WHAT YOU WILL DO
From the line with "Lekka i stylowa" to the line with "Spanx Seamless Leggings", retype every line exactly, including those two, and leave out the rest of the data below.

SOURCE INFORMATION
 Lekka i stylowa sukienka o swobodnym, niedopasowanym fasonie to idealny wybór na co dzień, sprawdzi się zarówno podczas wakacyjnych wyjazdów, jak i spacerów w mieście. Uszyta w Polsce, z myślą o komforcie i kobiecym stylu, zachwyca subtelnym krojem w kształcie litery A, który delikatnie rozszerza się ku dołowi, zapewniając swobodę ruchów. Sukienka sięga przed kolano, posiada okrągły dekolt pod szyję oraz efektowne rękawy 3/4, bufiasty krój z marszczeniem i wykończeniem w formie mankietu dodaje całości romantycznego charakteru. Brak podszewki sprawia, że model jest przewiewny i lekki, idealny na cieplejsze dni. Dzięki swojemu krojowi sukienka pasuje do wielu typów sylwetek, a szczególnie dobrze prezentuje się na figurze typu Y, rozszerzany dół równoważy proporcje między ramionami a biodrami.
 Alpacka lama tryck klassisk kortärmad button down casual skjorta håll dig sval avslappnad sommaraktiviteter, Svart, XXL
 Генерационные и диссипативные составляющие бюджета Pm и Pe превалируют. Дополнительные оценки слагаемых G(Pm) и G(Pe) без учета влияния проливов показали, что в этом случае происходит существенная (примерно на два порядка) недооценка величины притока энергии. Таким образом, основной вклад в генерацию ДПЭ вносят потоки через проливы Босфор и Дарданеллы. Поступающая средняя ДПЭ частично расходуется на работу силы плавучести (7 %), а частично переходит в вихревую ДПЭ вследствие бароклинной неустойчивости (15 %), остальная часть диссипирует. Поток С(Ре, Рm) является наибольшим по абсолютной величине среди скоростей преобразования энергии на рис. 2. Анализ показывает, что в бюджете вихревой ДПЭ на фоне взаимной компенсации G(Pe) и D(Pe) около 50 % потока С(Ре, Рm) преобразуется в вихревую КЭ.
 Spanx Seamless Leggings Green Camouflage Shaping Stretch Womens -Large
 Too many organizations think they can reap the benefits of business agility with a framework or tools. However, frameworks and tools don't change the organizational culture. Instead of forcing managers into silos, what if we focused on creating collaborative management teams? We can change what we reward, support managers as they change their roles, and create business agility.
---
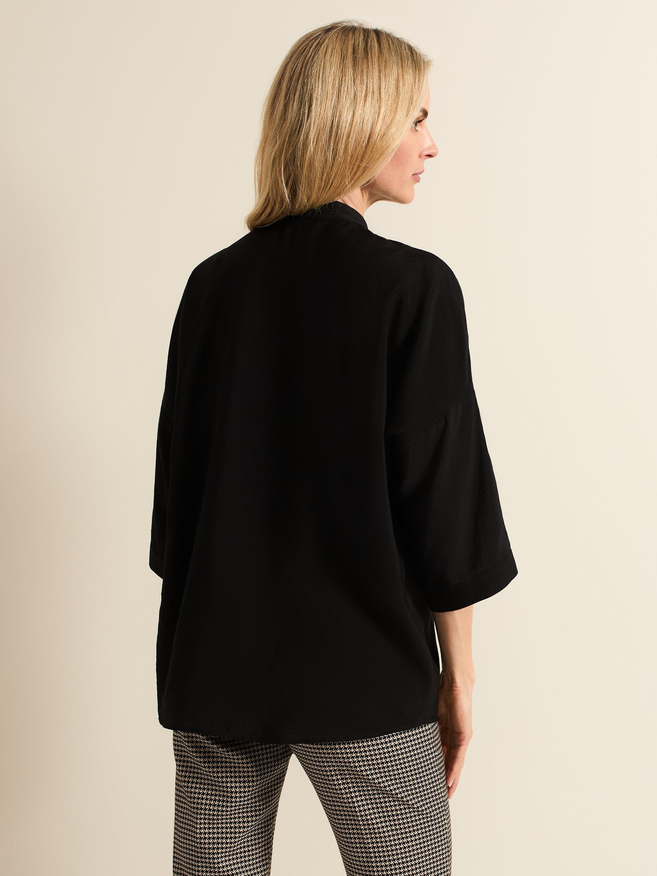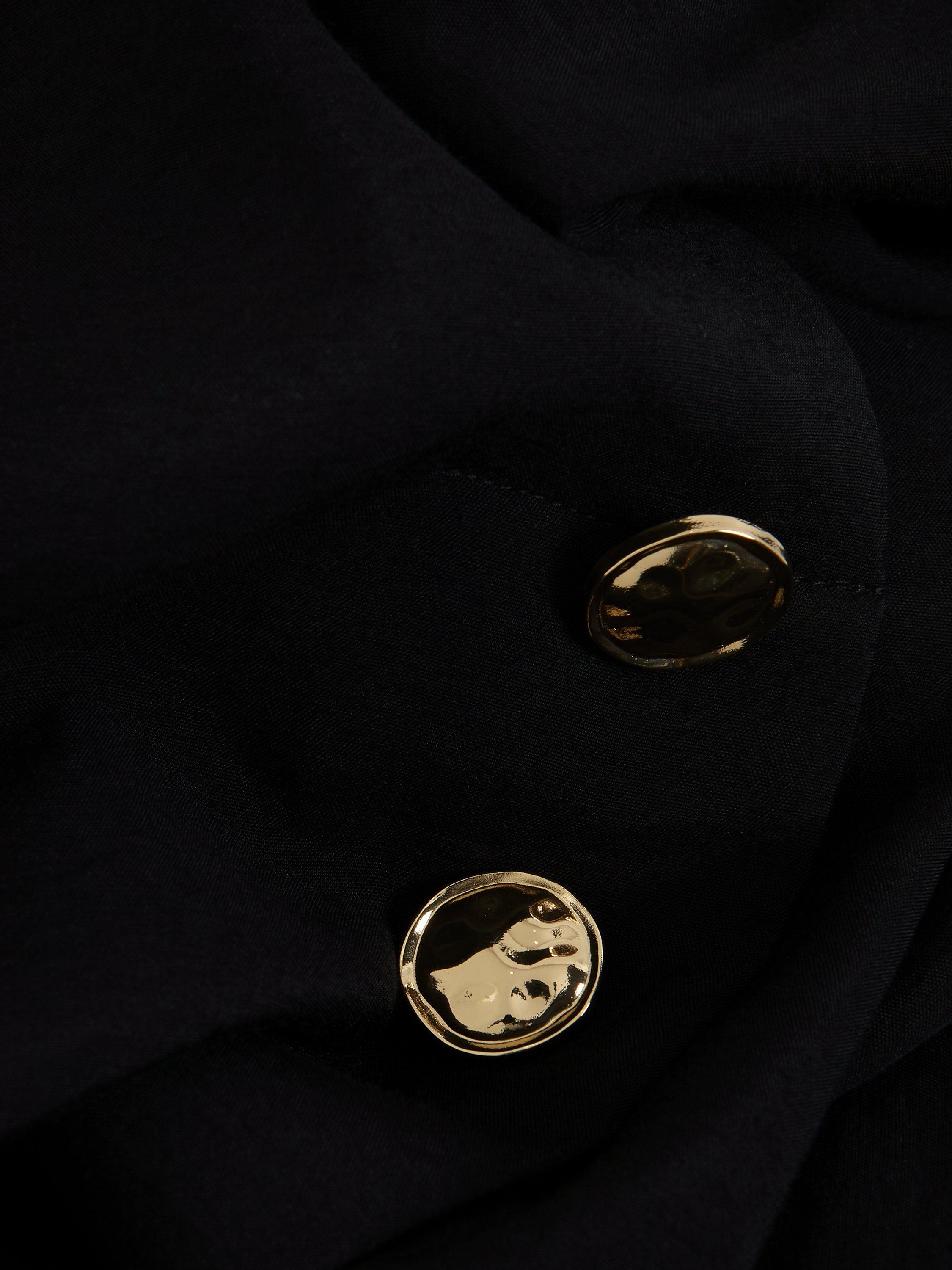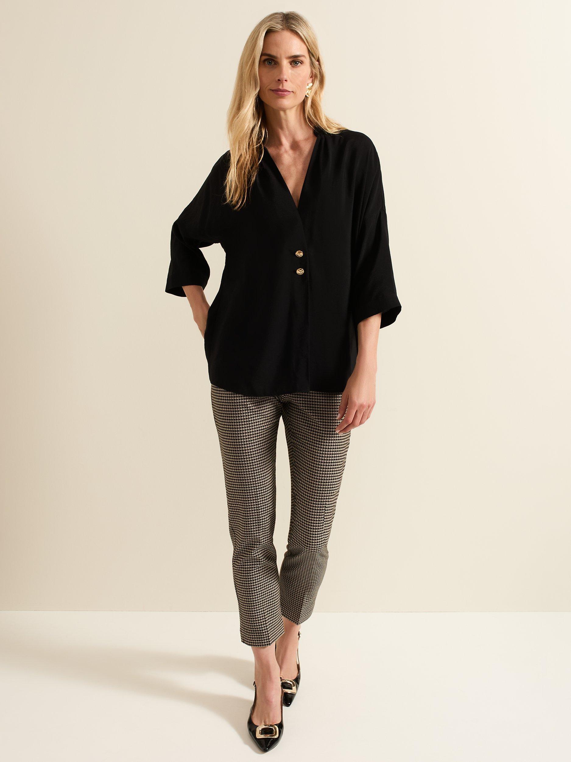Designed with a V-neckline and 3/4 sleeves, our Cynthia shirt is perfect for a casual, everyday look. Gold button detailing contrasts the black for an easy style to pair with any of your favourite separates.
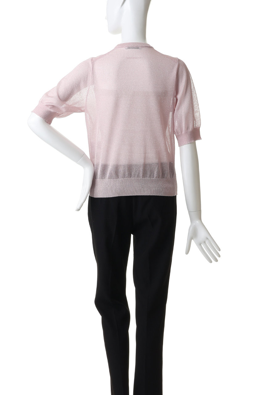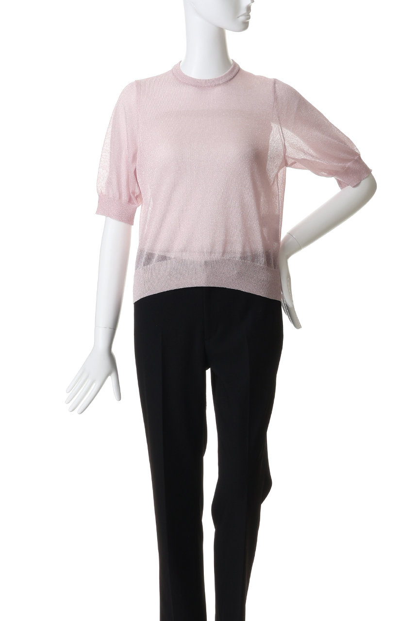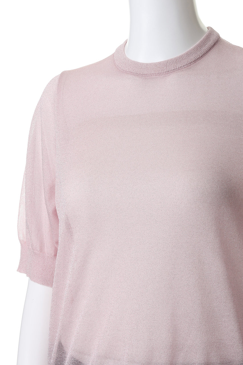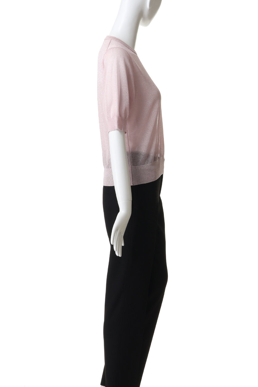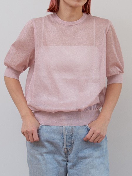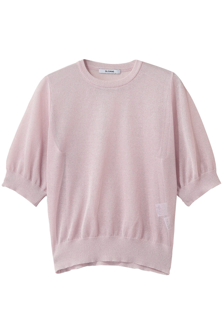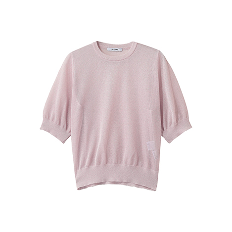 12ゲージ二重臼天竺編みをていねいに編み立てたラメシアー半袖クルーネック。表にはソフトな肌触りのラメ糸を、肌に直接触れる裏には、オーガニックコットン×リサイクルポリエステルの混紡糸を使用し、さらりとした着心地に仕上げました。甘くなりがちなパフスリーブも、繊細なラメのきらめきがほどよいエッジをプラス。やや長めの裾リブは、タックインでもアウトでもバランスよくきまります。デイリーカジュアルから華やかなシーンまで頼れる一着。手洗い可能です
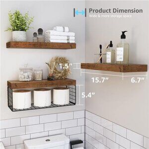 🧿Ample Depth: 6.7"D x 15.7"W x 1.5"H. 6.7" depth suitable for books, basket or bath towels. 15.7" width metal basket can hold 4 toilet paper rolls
==
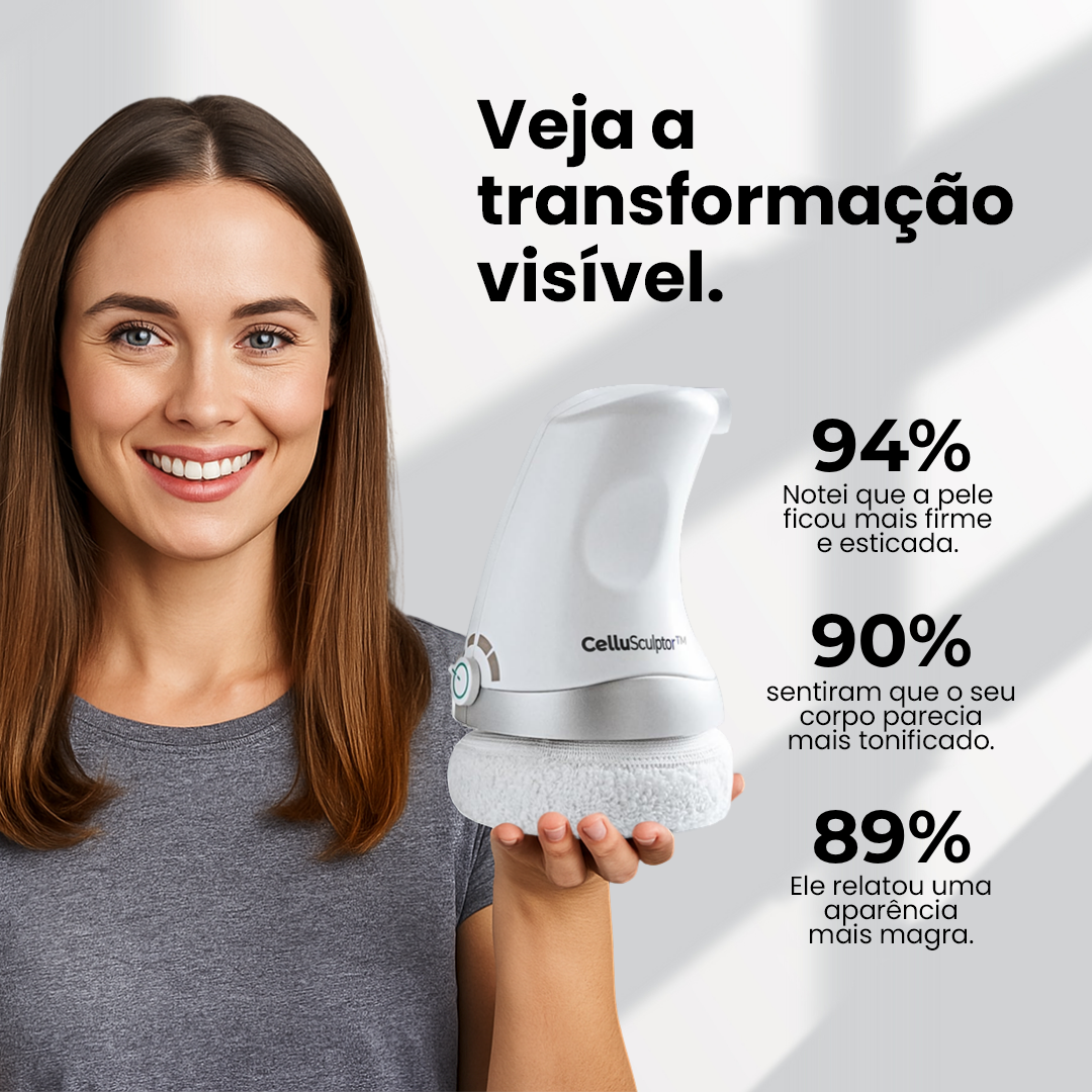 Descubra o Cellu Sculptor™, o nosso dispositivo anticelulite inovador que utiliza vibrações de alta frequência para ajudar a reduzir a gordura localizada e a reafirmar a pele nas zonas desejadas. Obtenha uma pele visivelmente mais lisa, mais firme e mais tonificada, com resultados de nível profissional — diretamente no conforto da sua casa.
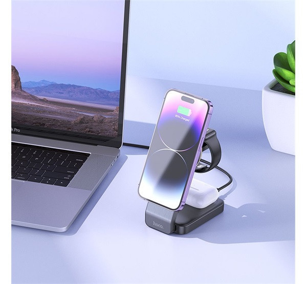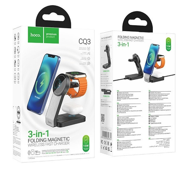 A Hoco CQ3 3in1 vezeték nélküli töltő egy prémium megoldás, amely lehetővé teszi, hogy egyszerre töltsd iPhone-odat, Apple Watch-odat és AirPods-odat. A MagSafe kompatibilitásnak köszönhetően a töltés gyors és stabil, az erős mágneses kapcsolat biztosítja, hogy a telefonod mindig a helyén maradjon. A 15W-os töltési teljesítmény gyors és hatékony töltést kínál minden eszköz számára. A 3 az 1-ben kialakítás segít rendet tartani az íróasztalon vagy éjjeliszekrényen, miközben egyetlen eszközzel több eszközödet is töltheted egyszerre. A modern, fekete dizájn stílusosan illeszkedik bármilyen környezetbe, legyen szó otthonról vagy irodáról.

RESULT OF THIS TASK
 Lekka i stylowa sukienka o swobodnym, niedopasowanym fasonie to idealny wybór na co dzień, sprawdzi się zarówno podczas wakacyjnych wyjazdów, jak i spacerów w mieście. Uszyta w Polsce, z myślą o komforcie i kobiecym stylu, zachwyca subtelnym krojem w kształcie litery A, który delikatnie rozszerza się ku dołowi, zapewniając swobodę ruchów. Sukienka sięga przed kolano, posiada okrągły dekolt pod szyję oraz efektowne rękawy 3/4, bufiasty krój z marszczeniem i wykończeniem w formie mankietu dodaje całości romantycznego charakteru. Brak podszewki sprawia, że model jest przewiewny i lekki, idealny na cieplejsze dni. Dzięki swojemu krojowi sukienka pasuje do wielu typów sylwetek, a szczególnie dobrze prezentuje się na figurze typu Y, rozszerzany dół równoważy proporcje między ramionami a biodrami.
 Alpacka lama tryck klassisk kortärmad button down casual skjorta håll dig sval avslappnad sommaraktiviteter, Svart, XXL
 Генерационные и диссипативные составляющие бюджета Pm и Pe превалируют. Дополнительные оценки слагаемых G(Pm) и G(Pe) без учета влияния проливов показали, что в этом случае происходит существенная (примерно на два порядка) недооценка величины притока энергии. Таким образом, основной вклад в генерацию ДПЭ вносят потоки через проливы Босфор и Дарданеллы. Поступающая средняя ДПЭ частично расходуется на работу силы плавучести (7 %), а частично переходит в вихревую ДПЭ вследствие бароклинной неустойчивости (15 %), остальная часть диссипирует. Поток С(Ре, Рm) является наибольшим по абсолютной величине среди скоростей преобразования энергии на рис. 2. Анализ показывает, что в бюджете вихревой ДПЭ на фоне взаимной компенсации G(Pe) и D(Pe) около 50 % потока С(Ре, Рm) преобразуется в вихревую КЭ.
 Spanx Seamless Leggings Green Camouflage Shaping Stretch Womens -Large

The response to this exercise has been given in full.